### EXERCISE DIRECTIONS
The records below are to be copied word for word, with every picture left out.

### TASK INPUTS
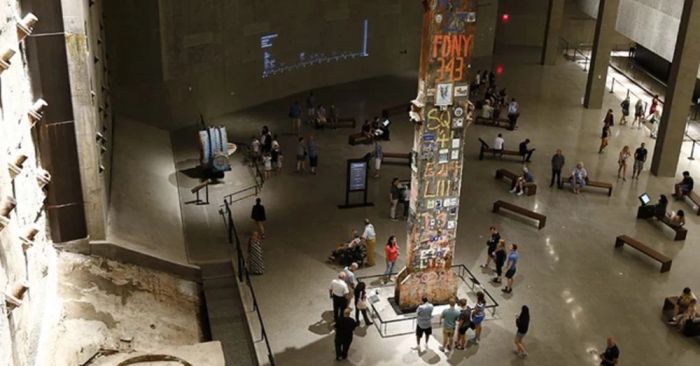 The twin towers of the World Trade Center, which once dominated the Manhattan skyline, were destroyed in the terrorist attacks on September 11, 2001, resulting in a tragic loss of nearly 3000 lives. Where the two towers of the World Trade Center once stood are now two square-shaped pools, each covering 2.5 acres. Surrounding the pools are bronze panels inscribed with the names of all those who perished in the attacks.
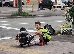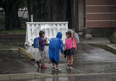 After school children on a hard rain day, Sapporo, 2015
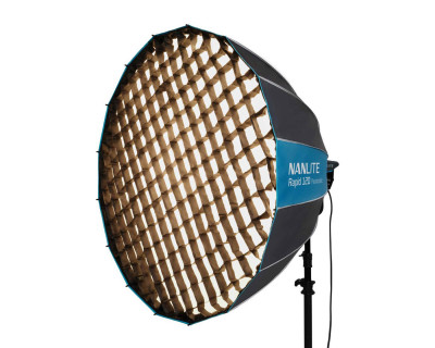 Il Nanlite Rapid 120 è un softbox di alta qualità con un design parabolico profondo che offre eccellenti prestazioni di illuminazione e può essere completamente assemblato e smontato in pochi secondi grazie all'innovativo anello a chiusura rapida. È dotato di un attacco Bowens per la massima compatibilità e include una griglia, due strati di diffusione e una borsa per il trasporto.
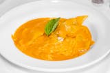 Home-style ravioli filled with ricotta and spinach in a light pink sauce.
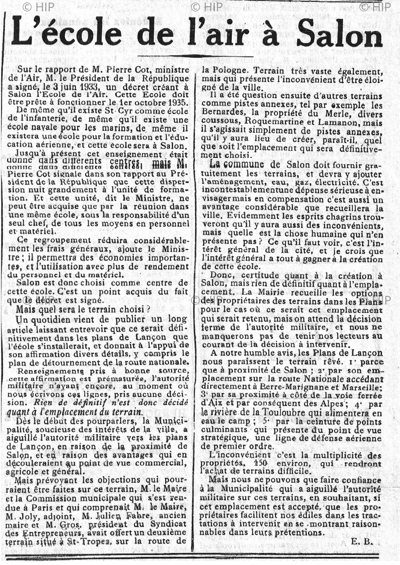 L’École de l’air à Salon de Provence Journal Le Petit Régional, 10 juin 1933 l'École de l'air à Salon Community Manager Vous aimerez aussi L’origine des brisques vertes 3 décembre 2025 Une vocation d’aviateur 3 décembre 2025 L’origine du mot « Piège » 3 décembre 2025
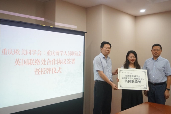 9月4日,重庆欧美同学会(重庆留学人员联谊会)举行英国联络处合作协议签署暨授牌仪式,标志着重庆欧美同学会(重庆留学人员联谊会)面向海外学人开展综合服务迈出了实质性的步伐,重庆留学人员统战工作向国门外走出了第一步。
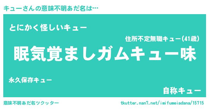 | ヒーロー風カッコイイあだ名 | 『天空の使者キュー』『魔戒騎士キュ』 |
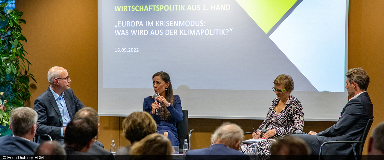 Panel Discussion: Crises as an Opportunity? Companies in Transformation with Klaus Geißdörfer, Nicole Hoffmeister-Kraut, Gitte Neubauer, and Achim Wambach (27.06.2023)
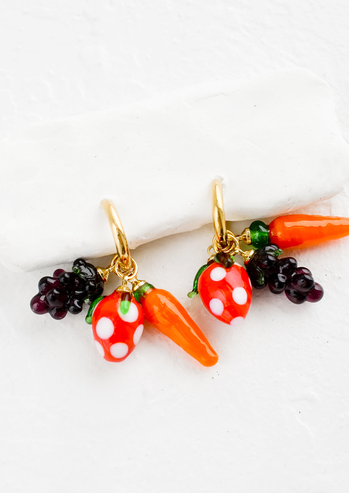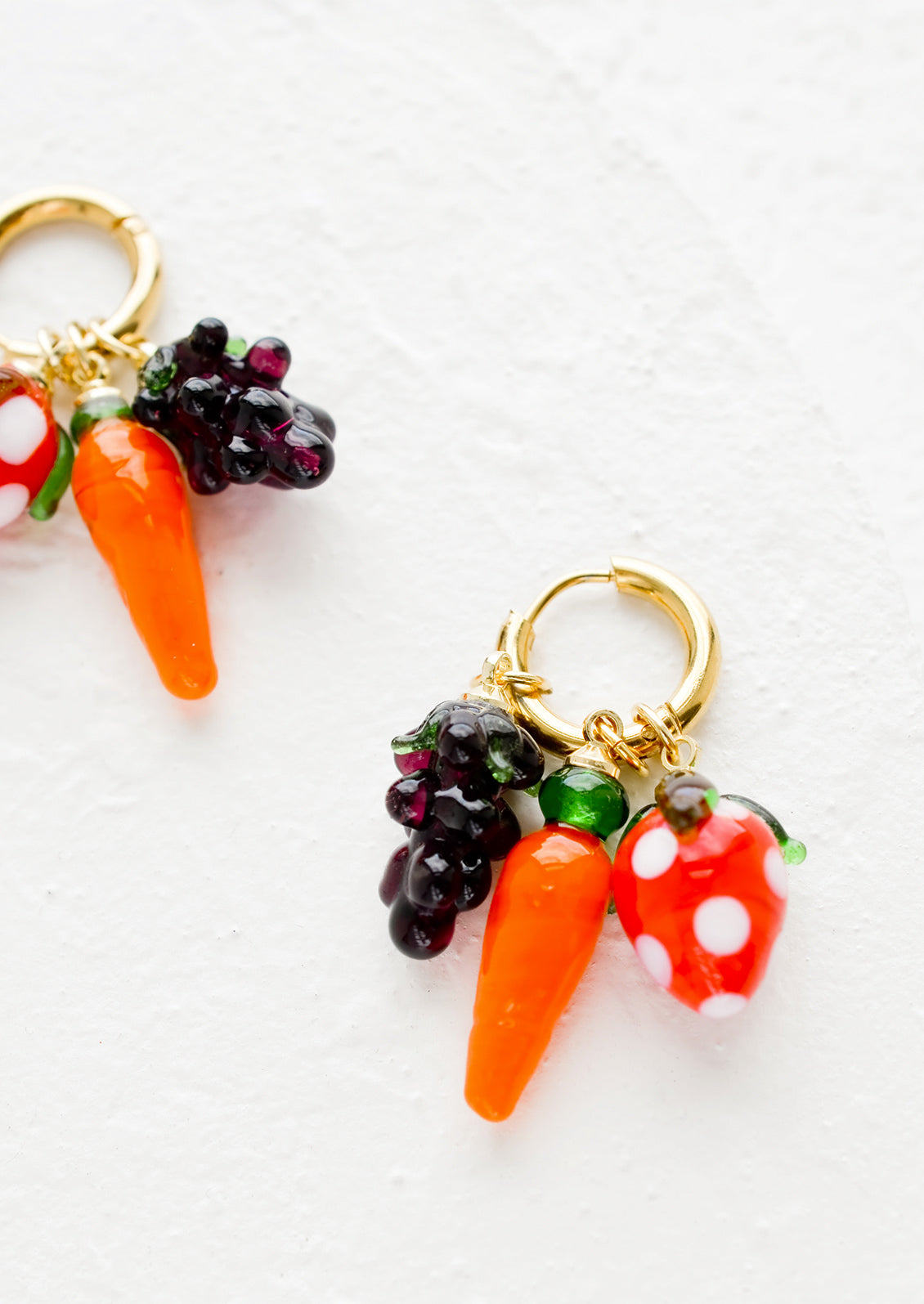 A delicious juice is embodied in these handmade hoops, charmed by glass grapes and some fruit and veggie friends—all three charms are removable and can be mixed and matched, grouped together, or worn solo.
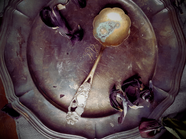 Kahvaosa hopeanvärinen, ja lusikkaosa kultainen. Materiaaliltaan tämä on ns."uushopeaa".

### OUTPUT OF THE TASK
 The twin towers of the World Trade Center, which once dominated the Manhattan skyline, were destroyed in the terrorist attacks on September 11, 2001, resulting in a tragic loss of nearly 3000 lives. Where the two towers of the World Trade Center once stood are now two square-shaped pools, each covering 2.5 acres. Surrounding the pools are bronze panels inscribed with the names of all those who perished in the attacks.
 After school children on a hard rain day, Sapporo, 2015
 Il Nanlite Rapid 120 è un softbox di alta qualità con un design parabolico profondo che offre eccellenti prestazioni di illuminazione e può essere completamente assemblato e smontato in pochi secondi grazie all'innovativo anello a chiusura rapida. È dotato di un attacco Bowens per la massima compatibilità e include una griglia, due strati di diffusione e una borsa per il trasporto.
 Home-style ravioli filled with ricotta and spinach in a light pink sauce.
 L’École de l’air à Salon de Provence Journal Le Petit Régional, 10 juin 1933 l'École de l'air à Salon Community Manager Vous aimerez aussi L’origine des brisques vertes 3 décembre 2025 Une vocation d’aviateur 3 décembre 2025 L’origine du mot « Piège » 3 décembre 2025
 9月4日,重庆欧美同学会(重庆留学人员联谊会)举行英国联络处合作协议签署暨授牌仪式,标志着重庆欧美同学会(重庆留学人员联谊会)面向海外学人开展综合服务迈出了实质性的步伐,重庆留学人员统战工作向国门外走出了第一步。
 | ヒーロー風カッコイイあだ名 | 『天空の使者キュー』『魔戒騎士キュ』 |
 Panel Discussion: Crises as an Opportunity? Companies in Transformation with Klaus Geißdörfer, Nicole Hoffmeister-Kraut, Gitte Neubauer, and Achim Wambach (27.06.2023)
 A delicious juice is embodied in these handmade hoops, charmed by glass grapes and some fruit and veggie friends—all three charms are removable and can be mixed and matched, grouped together, or worn solo.
 Kahvaosa hopeanvärinen, ja lusikkaosa kultainen. Materiaaliltaan tämä on ns."uushopeaa".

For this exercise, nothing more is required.